→ **ABOUT THIS TASK**: For the material below, output exactly the span from the line with "Đọc những nhãn" to the line with "一旁有紙杯,飲料自取。", including both, and nothing besides.
┄┄┄┄┄┄┄┄┄┄┄┄┄┄┄┄┄┄┄┄
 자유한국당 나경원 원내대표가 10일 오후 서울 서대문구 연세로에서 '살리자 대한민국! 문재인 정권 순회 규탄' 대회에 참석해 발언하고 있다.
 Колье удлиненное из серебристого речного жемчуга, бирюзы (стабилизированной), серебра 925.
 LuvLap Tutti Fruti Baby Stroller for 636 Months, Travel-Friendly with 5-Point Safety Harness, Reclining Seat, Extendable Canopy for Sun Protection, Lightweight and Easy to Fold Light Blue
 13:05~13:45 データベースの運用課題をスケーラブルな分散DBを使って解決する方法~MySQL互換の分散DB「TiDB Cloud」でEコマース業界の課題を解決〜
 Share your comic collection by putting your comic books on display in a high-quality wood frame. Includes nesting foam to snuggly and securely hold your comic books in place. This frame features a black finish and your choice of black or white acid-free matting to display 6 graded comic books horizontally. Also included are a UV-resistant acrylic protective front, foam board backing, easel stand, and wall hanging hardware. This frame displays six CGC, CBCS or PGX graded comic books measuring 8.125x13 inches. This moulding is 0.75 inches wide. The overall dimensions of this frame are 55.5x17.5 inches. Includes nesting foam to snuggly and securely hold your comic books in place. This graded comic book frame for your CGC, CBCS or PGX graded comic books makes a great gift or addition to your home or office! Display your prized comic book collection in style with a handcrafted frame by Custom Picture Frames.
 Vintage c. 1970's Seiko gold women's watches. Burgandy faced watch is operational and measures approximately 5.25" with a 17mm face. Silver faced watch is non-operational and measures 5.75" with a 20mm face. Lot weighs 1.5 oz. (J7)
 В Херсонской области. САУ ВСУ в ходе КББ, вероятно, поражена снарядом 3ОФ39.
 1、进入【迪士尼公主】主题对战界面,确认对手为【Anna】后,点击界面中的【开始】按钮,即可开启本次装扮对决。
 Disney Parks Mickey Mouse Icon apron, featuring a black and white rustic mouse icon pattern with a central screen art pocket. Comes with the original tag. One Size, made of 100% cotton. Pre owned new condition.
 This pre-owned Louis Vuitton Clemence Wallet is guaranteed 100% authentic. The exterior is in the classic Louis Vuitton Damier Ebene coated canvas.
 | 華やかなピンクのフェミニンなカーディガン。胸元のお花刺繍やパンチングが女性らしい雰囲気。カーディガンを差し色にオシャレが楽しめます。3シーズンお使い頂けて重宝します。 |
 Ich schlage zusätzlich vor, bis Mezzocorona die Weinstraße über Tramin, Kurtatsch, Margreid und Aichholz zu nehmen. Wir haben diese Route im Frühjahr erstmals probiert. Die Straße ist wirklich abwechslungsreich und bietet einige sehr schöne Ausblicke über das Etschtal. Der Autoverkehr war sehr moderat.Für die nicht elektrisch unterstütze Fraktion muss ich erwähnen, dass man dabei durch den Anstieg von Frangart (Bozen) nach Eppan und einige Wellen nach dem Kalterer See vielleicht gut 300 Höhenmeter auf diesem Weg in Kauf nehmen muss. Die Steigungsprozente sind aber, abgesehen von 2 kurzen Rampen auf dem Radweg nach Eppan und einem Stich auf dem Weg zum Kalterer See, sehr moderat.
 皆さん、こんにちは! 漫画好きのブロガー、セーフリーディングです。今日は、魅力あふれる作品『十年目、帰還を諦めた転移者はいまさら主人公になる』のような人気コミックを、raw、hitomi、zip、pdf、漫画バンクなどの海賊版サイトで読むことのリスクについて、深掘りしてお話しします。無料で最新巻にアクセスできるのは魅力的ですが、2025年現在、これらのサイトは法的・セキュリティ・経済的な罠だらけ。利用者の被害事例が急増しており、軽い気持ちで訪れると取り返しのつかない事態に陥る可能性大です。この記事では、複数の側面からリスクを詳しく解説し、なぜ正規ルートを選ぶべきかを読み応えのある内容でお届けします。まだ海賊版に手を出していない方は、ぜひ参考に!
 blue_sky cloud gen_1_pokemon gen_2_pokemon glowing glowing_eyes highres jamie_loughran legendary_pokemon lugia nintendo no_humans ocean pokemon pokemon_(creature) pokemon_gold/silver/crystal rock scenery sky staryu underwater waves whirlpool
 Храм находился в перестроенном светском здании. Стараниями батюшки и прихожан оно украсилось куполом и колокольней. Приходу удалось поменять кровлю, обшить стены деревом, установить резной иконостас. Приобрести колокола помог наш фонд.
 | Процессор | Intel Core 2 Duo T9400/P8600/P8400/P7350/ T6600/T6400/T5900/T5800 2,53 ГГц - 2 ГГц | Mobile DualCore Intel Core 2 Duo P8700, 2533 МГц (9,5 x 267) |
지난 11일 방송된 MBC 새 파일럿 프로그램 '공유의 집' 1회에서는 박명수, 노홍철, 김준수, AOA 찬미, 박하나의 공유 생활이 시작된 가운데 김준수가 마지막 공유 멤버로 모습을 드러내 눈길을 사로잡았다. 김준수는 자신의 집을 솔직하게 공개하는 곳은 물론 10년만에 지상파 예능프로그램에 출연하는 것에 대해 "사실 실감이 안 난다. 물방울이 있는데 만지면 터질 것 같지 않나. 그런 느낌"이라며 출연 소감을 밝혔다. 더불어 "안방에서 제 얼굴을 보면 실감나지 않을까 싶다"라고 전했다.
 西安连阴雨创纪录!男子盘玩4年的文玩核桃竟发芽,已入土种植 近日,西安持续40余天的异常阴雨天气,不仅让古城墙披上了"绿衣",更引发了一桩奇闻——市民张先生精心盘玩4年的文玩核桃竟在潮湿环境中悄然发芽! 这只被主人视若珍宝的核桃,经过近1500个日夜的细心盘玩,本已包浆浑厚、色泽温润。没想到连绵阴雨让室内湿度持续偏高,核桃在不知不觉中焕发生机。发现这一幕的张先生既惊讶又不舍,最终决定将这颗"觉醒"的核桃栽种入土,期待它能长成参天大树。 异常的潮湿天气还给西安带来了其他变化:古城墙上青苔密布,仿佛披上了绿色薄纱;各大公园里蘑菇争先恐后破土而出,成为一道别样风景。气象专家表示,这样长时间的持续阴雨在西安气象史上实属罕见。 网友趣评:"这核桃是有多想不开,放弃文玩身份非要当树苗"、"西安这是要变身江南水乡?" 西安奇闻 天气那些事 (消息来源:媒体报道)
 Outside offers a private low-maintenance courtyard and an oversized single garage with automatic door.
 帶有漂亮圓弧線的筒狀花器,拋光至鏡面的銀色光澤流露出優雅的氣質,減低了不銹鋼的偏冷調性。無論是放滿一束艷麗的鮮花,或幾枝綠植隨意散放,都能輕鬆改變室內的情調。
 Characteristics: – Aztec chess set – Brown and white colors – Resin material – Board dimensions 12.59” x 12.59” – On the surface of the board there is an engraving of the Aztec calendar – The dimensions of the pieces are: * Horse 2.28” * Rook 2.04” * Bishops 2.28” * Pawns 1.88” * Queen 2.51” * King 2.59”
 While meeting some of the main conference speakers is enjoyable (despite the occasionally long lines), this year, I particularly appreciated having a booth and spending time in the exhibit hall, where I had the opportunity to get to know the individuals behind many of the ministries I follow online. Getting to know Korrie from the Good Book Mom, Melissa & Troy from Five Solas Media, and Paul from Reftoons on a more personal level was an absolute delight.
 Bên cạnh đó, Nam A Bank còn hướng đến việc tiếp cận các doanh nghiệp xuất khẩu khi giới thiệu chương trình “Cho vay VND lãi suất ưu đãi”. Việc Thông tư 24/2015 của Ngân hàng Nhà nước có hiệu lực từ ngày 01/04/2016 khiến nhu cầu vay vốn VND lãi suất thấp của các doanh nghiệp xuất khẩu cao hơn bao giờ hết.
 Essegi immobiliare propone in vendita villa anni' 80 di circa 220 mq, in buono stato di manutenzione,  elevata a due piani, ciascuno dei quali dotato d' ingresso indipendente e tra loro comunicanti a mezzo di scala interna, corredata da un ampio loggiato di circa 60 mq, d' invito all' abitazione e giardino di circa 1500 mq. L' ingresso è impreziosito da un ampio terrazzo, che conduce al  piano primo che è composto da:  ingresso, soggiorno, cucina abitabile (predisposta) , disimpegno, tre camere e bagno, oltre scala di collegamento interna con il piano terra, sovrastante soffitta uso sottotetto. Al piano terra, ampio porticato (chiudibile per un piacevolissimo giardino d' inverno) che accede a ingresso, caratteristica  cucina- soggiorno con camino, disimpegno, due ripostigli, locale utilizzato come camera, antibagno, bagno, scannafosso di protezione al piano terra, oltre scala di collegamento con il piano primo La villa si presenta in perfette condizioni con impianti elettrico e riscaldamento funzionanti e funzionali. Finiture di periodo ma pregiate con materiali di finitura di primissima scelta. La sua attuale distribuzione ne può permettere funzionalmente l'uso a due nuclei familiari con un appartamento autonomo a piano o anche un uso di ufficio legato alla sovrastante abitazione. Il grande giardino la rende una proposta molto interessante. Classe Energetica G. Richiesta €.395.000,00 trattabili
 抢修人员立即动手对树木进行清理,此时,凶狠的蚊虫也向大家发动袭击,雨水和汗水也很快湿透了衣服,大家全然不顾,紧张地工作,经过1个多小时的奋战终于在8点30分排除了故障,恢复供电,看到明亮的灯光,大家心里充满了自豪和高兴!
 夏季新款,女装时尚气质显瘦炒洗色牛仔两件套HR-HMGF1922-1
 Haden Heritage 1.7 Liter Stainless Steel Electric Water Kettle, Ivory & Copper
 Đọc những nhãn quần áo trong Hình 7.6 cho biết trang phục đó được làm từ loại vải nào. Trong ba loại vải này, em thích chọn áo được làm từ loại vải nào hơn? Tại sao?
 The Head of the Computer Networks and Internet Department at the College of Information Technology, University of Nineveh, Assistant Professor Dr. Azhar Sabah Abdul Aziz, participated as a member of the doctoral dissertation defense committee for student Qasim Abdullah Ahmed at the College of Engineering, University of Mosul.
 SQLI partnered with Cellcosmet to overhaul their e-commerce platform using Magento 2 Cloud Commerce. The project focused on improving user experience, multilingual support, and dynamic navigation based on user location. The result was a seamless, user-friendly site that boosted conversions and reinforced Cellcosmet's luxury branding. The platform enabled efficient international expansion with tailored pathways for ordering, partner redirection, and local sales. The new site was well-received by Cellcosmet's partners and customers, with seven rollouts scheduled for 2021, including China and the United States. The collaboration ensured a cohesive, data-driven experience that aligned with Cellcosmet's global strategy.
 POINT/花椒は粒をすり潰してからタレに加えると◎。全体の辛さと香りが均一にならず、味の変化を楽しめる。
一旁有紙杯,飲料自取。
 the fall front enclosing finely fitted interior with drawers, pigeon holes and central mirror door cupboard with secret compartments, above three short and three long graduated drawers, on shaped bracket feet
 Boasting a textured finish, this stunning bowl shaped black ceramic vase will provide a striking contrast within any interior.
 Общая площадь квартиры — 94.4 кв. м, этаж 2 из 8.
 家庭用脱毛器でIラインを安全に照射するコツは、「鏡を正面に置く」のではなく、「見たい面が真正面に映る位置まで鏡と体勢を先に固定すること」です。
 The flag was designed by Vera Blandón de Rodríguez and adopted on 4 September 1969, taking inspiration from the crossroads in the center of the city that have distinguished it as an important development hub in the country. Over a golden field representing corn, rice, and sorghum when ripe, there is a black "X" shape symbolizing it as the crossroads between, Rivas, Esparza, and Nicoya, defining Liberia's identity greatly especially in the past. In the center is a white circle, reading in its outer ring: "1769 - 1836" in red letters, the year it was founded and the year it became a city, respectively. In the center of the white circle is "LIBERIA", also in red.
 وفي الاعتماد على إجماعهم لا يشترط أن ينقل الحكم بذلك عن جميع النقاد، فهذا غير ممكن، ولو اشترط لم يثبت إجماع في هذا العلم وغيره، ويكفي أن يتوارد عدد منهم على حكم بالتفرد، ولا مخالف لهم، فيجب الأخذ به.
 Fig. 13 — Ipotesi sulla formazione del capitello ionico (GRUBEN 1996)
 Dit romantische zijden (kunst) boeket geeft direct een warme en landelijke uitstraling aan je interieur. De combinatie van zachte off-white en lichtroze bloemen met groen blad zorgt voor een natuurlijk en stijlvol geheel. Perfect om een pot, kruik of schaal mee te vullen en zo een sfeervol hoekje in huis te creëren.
┄┄┄┄┄┄┄┄┄┄┄┄┄┄┄┄┄┄┄┄
→ **TASK SOLUTION**:
 Đọc những nhãn quần áo trong Hình 7.6 cho biết trang phục đó được làm từ loại vải nào. Trong ba loại vải này, em thích chọn áo được làm từ loại vải nào hơn? Tại sao?
 The Head of the Computer Networks and Internet Department at the College of Information Technology, University of Nineveh, Assistant Professor Dr. Azhar Sabah Abdul Aziz, participated as a member of the doctoral dissertation defense committee for student Qasim Abdullah Ahmed at the College of Engineering, University of Mosul.
 SQLI partnered with Cellcosmet to overhaul their e-commerce platform using Magento 2 Cloud Commerce. The project focused on improving user experience, multilingual support, and dynamic navigation based on user location. The result was a seamless, user-friendly site that boosted conversions and reinforced Cellcosmet's luxury branding. The platform enabled efficient international expansion with tailored pathways for ordering, partner redirection, and local sales. The new site was well-received by Cellcosmet's partners and customers, with seven rollouts scheduled for 2021, including China and the United States. The collaboration ensured a cohesive, data-driven experience that aligned with Cellcosmet's global strategy.
 POINT/花椒は粒をすり潰してからタレに加えると◎。全体の辛さと香りが均一にならず、味の変化を楽しめる。
一旁有紙杯,飲料自取。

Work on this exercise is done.